[Opening Task input section]
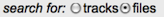 To display or download ENCODE data, select either the tracks or files option in the panel, then click the appropriate box in the matrix grid (or row in the summary tables). This will display a search window (via the UCSC Track Search or File Search tool) that lists the full set of browser tracks or downloadable files for the selected experiments. This window also provides options to configure the browser view or refine the list of downloadable files.
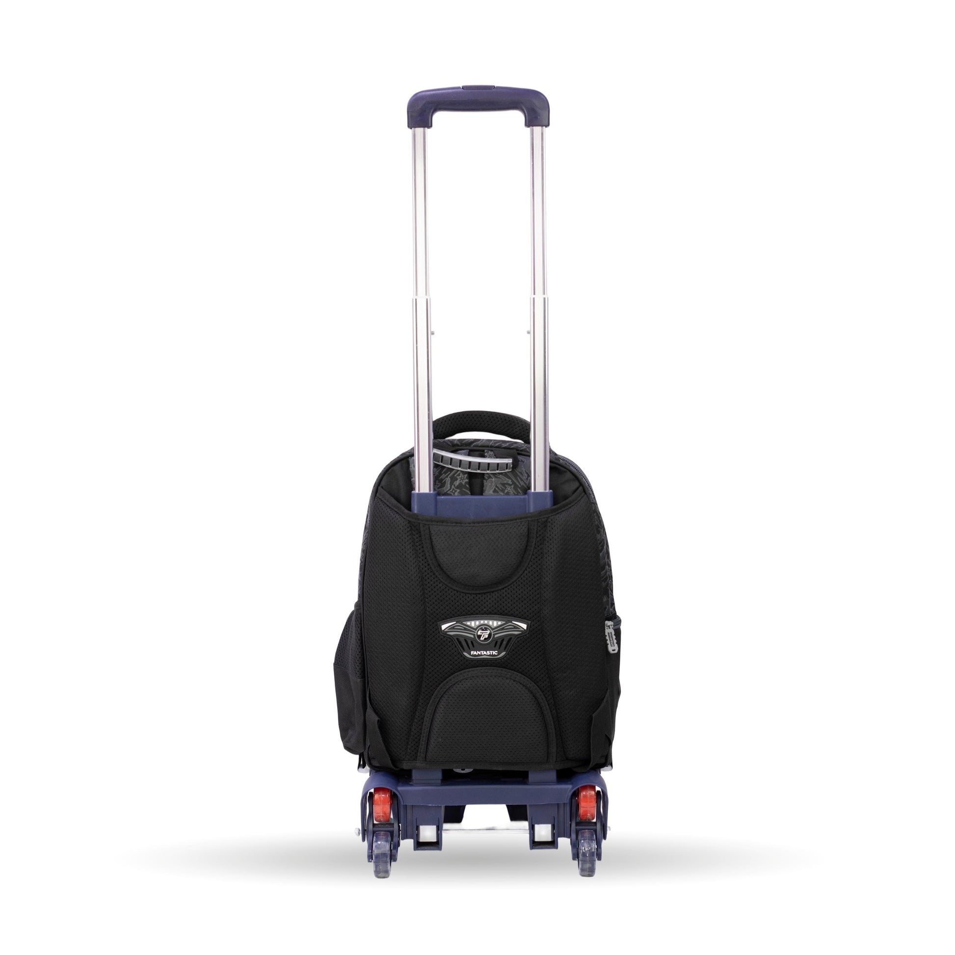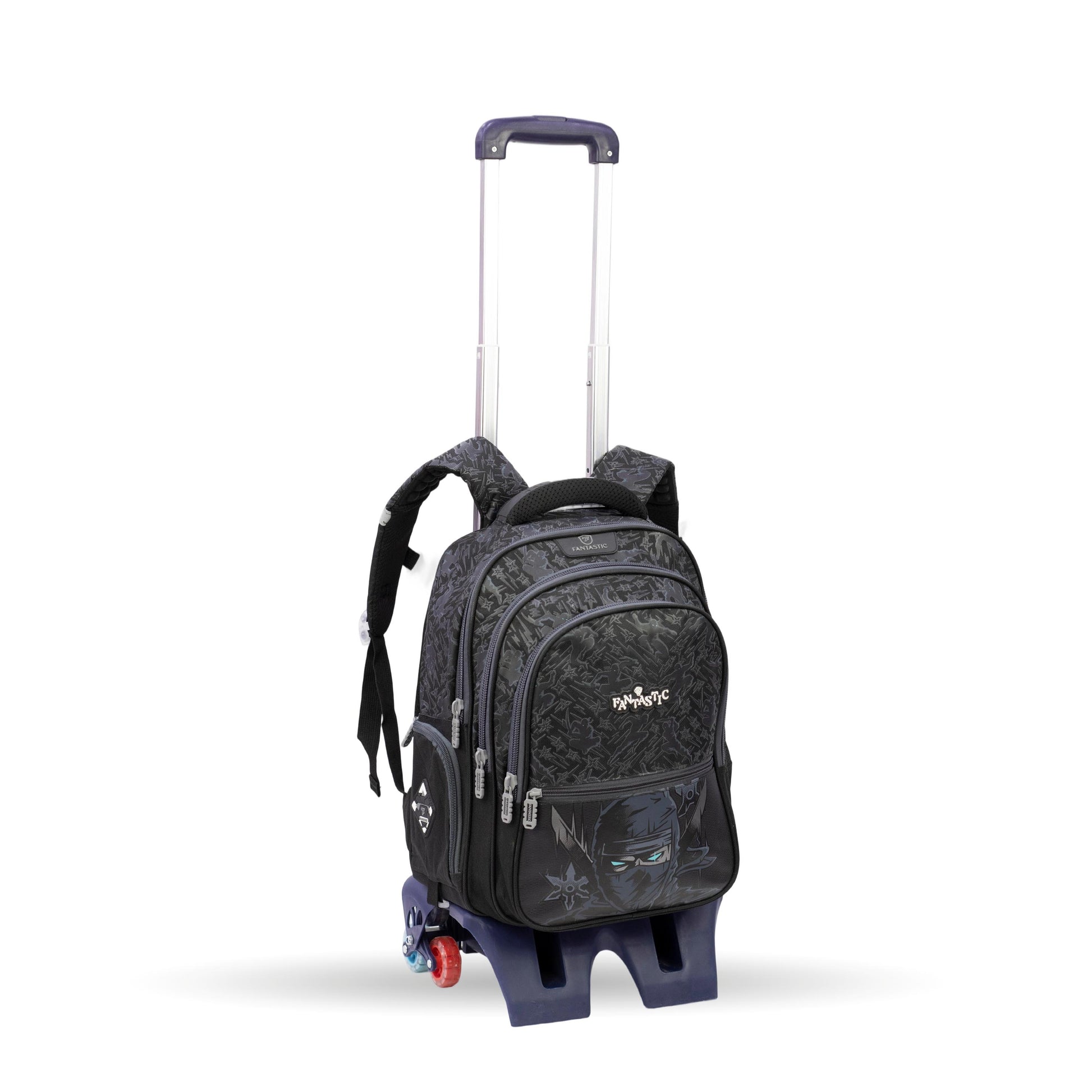 QY001T حقيبة ظهر مدرسية، ٣ حجرات، مع عجلات، تصميم عصري، أسود، 16 بوصة
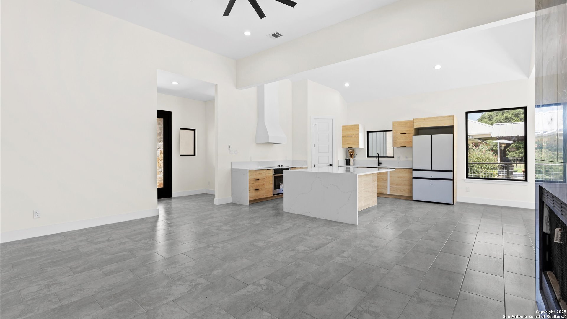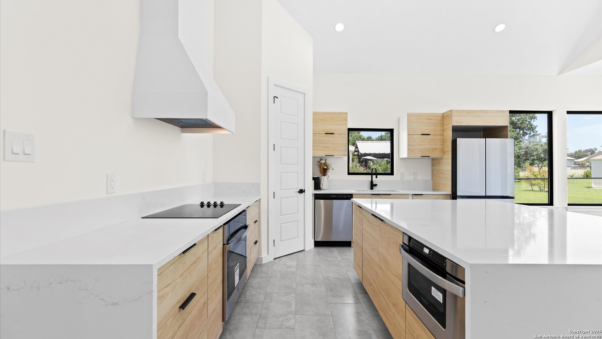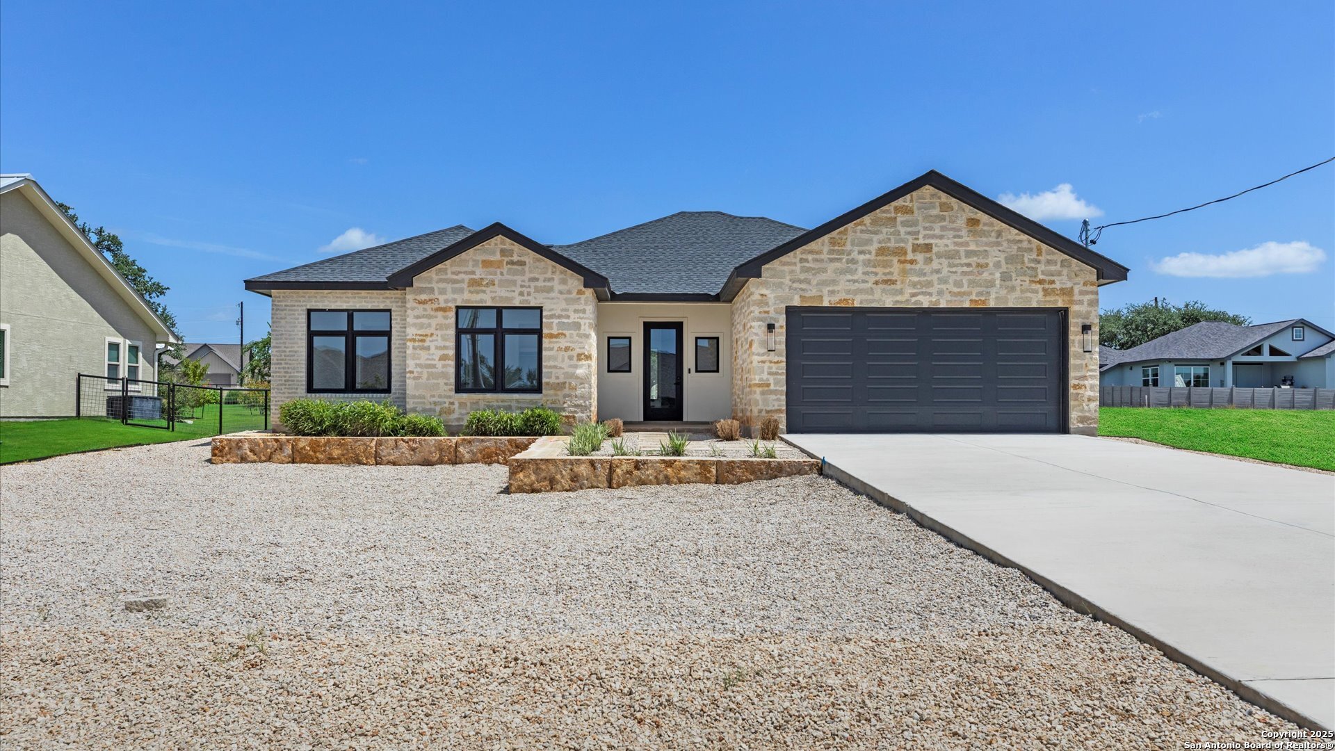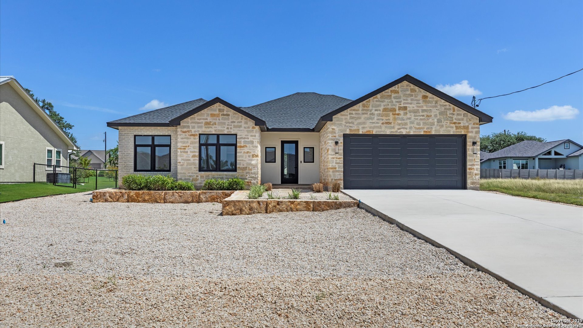 Modern Hill Country Living for the Golf Enthusiast Welcome to your dream retreat in the heart of the Texas Hill Country, perfectly designed for the mature golf lover. This elegant single-story 3-bedroom, 2-bath home includes a spacious 2-car garage plus a dedicated golf cart garage with a separate door and EV charging station-tailored for your active lifestyle. Located in the highly desirable Vaaler Creek Golf Club community, this brand-new construction blends refined comfort with modern design. The open-concept, split floor plan features a grand living area with soaring 12' ceilings, a cozy wood-burning fireplace, and a seamless flow into the gourmet kitchen-complete with granite countertops, custom cabinetry, stainless steel appliances, and a large central island perfect for entertaining. Enjoy the timeless elegance of Level 5 smooth-textured walls, 8' solid core doors, and argon gas tilt-and-turn European-style bedroom windows for maximum natural light and energy efficiency. Throughout the rest of the home, 10' ceilings enhance the sense of space and luxury. The primary suite is a peaceful sanctuary with high ceilings, a spa-like bathroom featuring a walk-in tiled shower with bench, dual vanities, and a safe room built into the expansive walk-in closet-a thoughtful touch for peace of mind. Additional highlights include: Golf cart garage with separate 8' door & opener Keyless entry system EV-ready garage setup Modern finishes and functional luxury throughout Perfectly situated just minutes from the course, this home offers the ease, comfort, and sophistication today's golf-loving homeowner expects. Move in, tee up, and start enjoying the lifestyle you've earned.
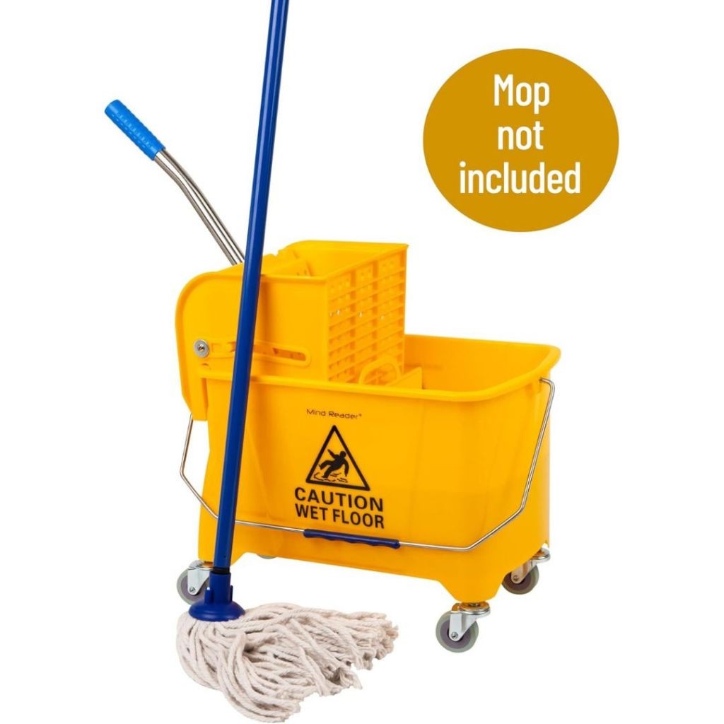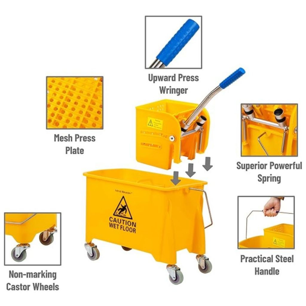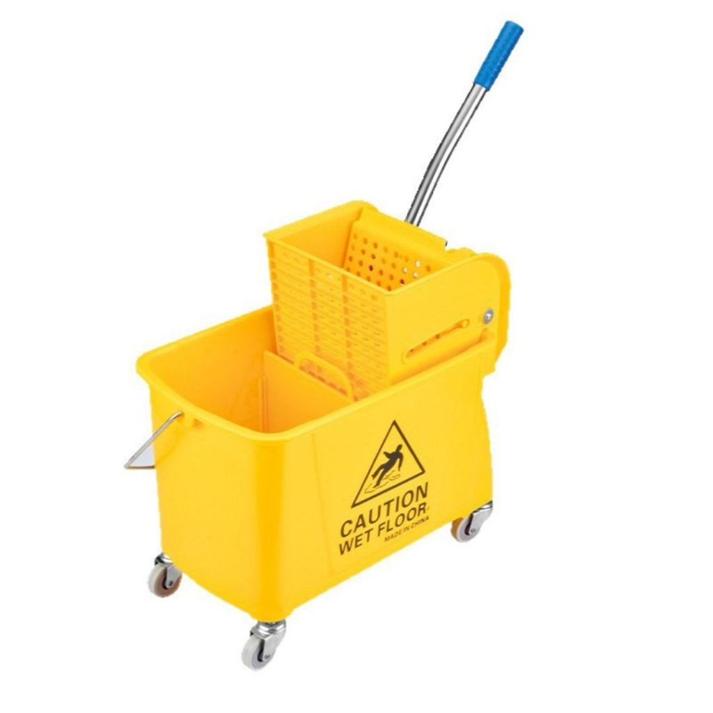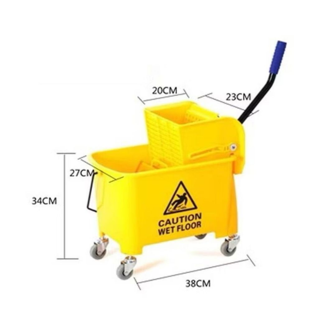 ถังถูพื้นสีเหลืองพร้อมรถเข็นคั้นน้ำ รถเข็นถูพื้น ถังถูพื้นแบบถังอุตสาหกรรม ถังถูพื้น ถังม๊อบบีบผ้าม็อบถูพื้น 24L
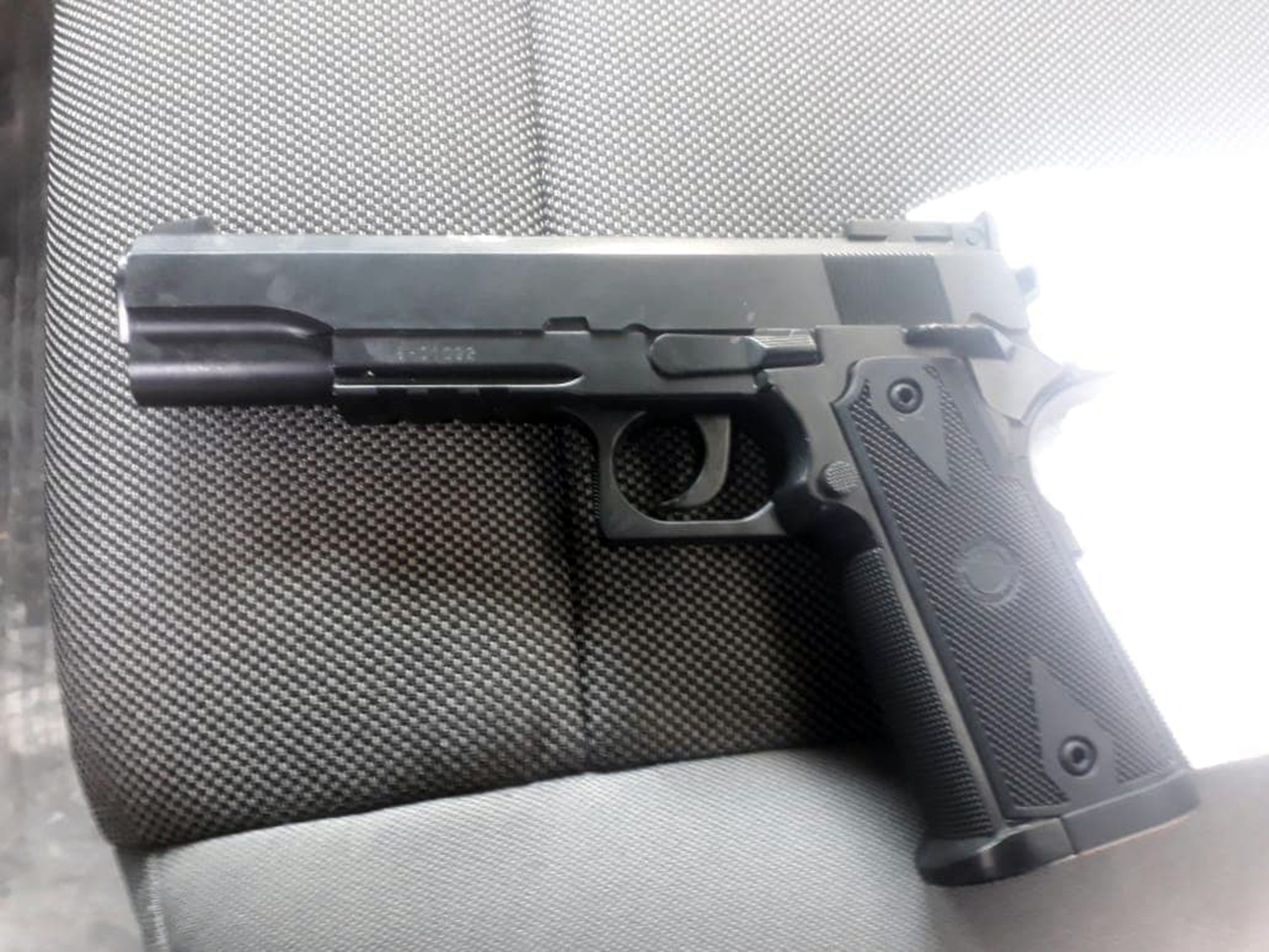 Siendo un comportamiento imprudente que pone en riesgo su integridad, así como de otras personas, procedieron a detener la unidad para inquirir a los sujetos; así como a la realización de una inspección preventiva, encontrando debajo del asiento trasero del vehículo un arma de fuego.
[Closing Task input section]
◆ Exercise brief:
Your answer must be an exact copy of the records above, with every picture left out.

◆ Completed exercise:
 To display or download ENCODE data, select either the tracks or files option in the panel, then click the appropriate box in the matrix grid (or row in the summary tables). This will display a search window (via the UCSC Track Search or File Search tool) that lists the full set of browser tracks or downloadable files for the selected experiments. This window also provides options to configure the browser view or refine the list of downloadable files.
 QY001T حقيبة ظهر مدرسية، ٣ حجرات، مع عجلات، تصميم عصري، أسود، 16 بوصة
 Modern Hill Country Living for the Golf Enthusiast Welcome to your dream retreat in the heart of the Texas Hill Country, perfectly designed for the mature golf lover. This elegant single-story 3-bedroom, 2-bath home includes a spacious 2-car garage plus a dedicated golf cart garage with a separate door and EV charging station-tailored for your active lifestyle. Located in the highly desirable Vaaler Creek Golf Club community, this brand-new construction blends refined comfort with modern design. The open-concept, split floor plan features a grand living area with soaring 12' ceilings, a cozy wood-burning fireplace, and a seamless flow into the gourmet kitchen-complete with granite countertops, custom cabinetry, stainless steel appliances, and a large central island perfect for entertaining. Enjoy the timeless elegance of Level 5 smooth-textured walls, 8' solid core doors, and argon gas tilt-and-turn European-style bedroom windows for maximum natural light and energy efficiency. Throughout the rest of the home, 10' ceilings enhance the sense of space and luxury. The primary suite is a peaceful sanctuary with high ceilings, a spa-like bathroom featuring a walk-in tiled shower with bench, dual vanities, and a safe room built into the expansive walk-in closet-a thoughtful touch for peace of mind. Additional highlights include: Golf cart garage with separate 8' door & opener Keyless entry system EV-ready garage setup Modern finishes and functional luxury throughout Perfectly situated just minutes from the course, this home offers the ease, comfort, and sophistication today's golf-loving homeowner expects. Move in, tee up, and start enjoying the lifestyle you've earned.
 ถังถูพื้นสีเหลืองพร้อมรถเข็นคั้นน้ำ รถเข็นถูพื้น ถังถูพื้นแบบถังอุตสาหกรรม ถังถูพื้น ถังม๊อบบีบผ้าม็อบถูพื้น 24L
 Siendo un comportamiento imprudente que pone en riesgo su integridad, así como de otras personas, procedieron a detener la unidad para inquirir a los sujetos; así como a la realización de una inspección preventiva, encontrando debajo del asiento trasero del vehículo un arma de fuego.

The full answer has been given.